The truth of such a radical embrace that this story points to is picked up in that great poem by the Sufi Muslim Jalal al-Din Rumi, of course:

Beyond

Out beyond ideas of wrongdoing and rightdoing,

there is a field.

I’ll meet you there.

When the soul lies down in that grass,

the world is too full to talk about.

Ideas,

language,

even the phrase “each other”

doesn’t make any sense.

Even though rainbows are made of refracted light and have no substance in themselves, the reality of their spaciousness is a fantastic Lenten meditation on how all is held within the blessing of God’s own life. As they stretch across the sky, they become powerful metaphors that challenge us to become aware of the self-centered boundaries we impose. As we pause and pay attention to our impulse to establish a boundary, perhaps we see how that impulse is driven by our need to control and exert power, which is, itself, so often fueled by fear and a misguided perspective of scarcity. We think, “there can only be so much blessing from God, and so I need to do what I can to get it, and once I believe I have it, then I start to believe that I actually understand it and even control it.”
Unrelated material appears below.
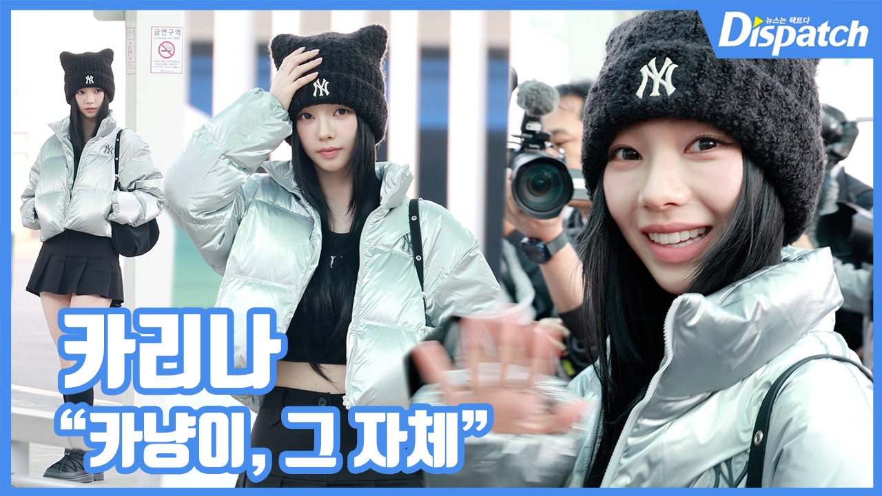 이날 카리나는 크롭 톱과 미니스커트에 실버 패딩을 더해 트렌디한 겨울 룩을 완성했다. 여기에 고양이 귀가 포인트인 모자를 착용해 특유의 러블리한 매력을 한층 돋보이게 했다.
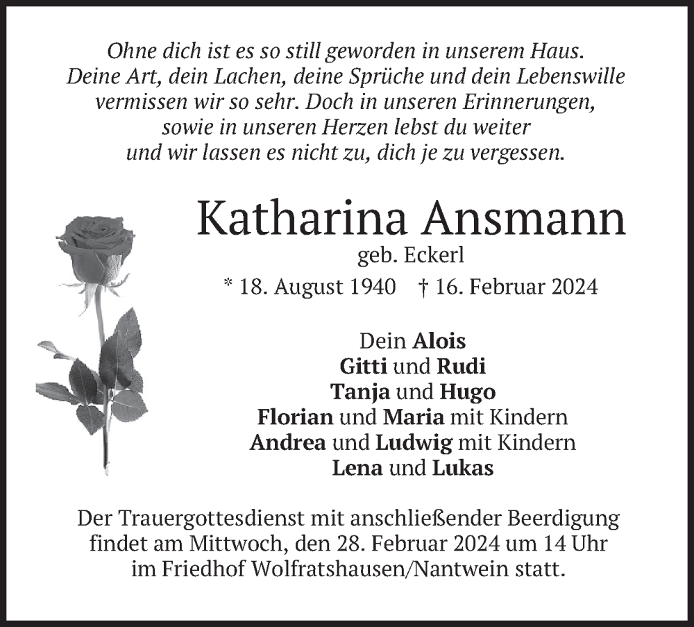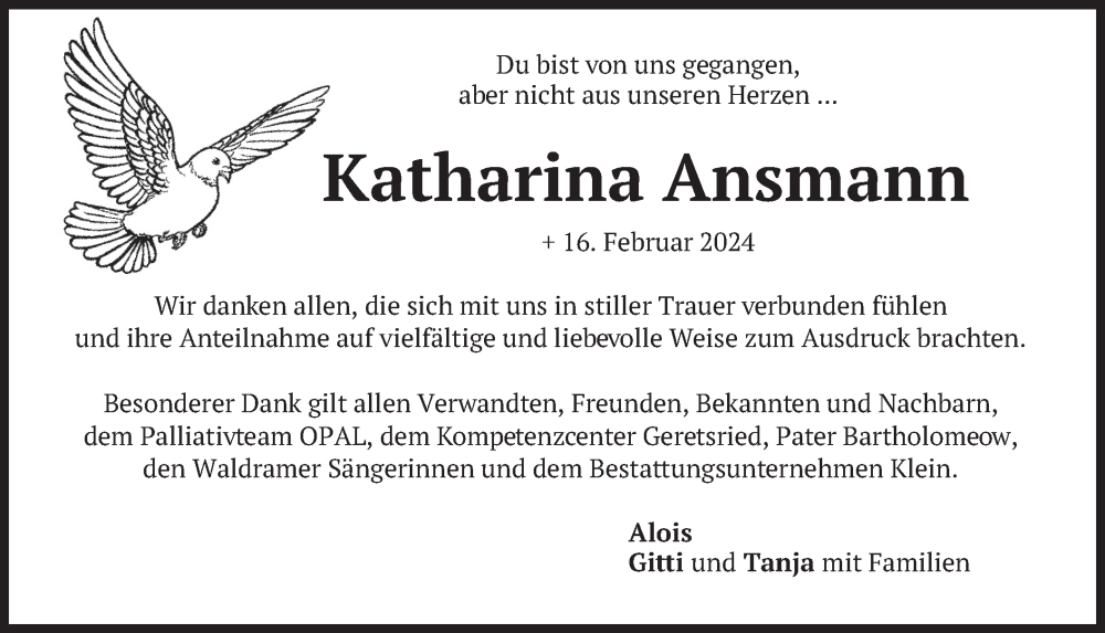 Hier finden Sie alle Traueranzeigen aus der Zeitung, die bisher für Katharina Ansmann erschienen sind. Weitere Traueranzeigen, die in der Zeitung erscheinen, werden hier ebenfalls aufgelistet

But we do not control grace. God’s grace is not something that we can doll out to those we deem worthy. We cannot contain it. We can only stand before it, in utter awe of God’s movement in the world, of the life-giving Spirit we Christians see in Jesus Christ whose arms themselves stretch out like the rainbow to embrace all. And when we find ourselves in our own darkened rooms and see the light pour out before our eyes, and we hear, yet again, God’s promise saying, This is the sign of the covenant that I have established between me and all flesh that is on the earth, the only response is gratitude.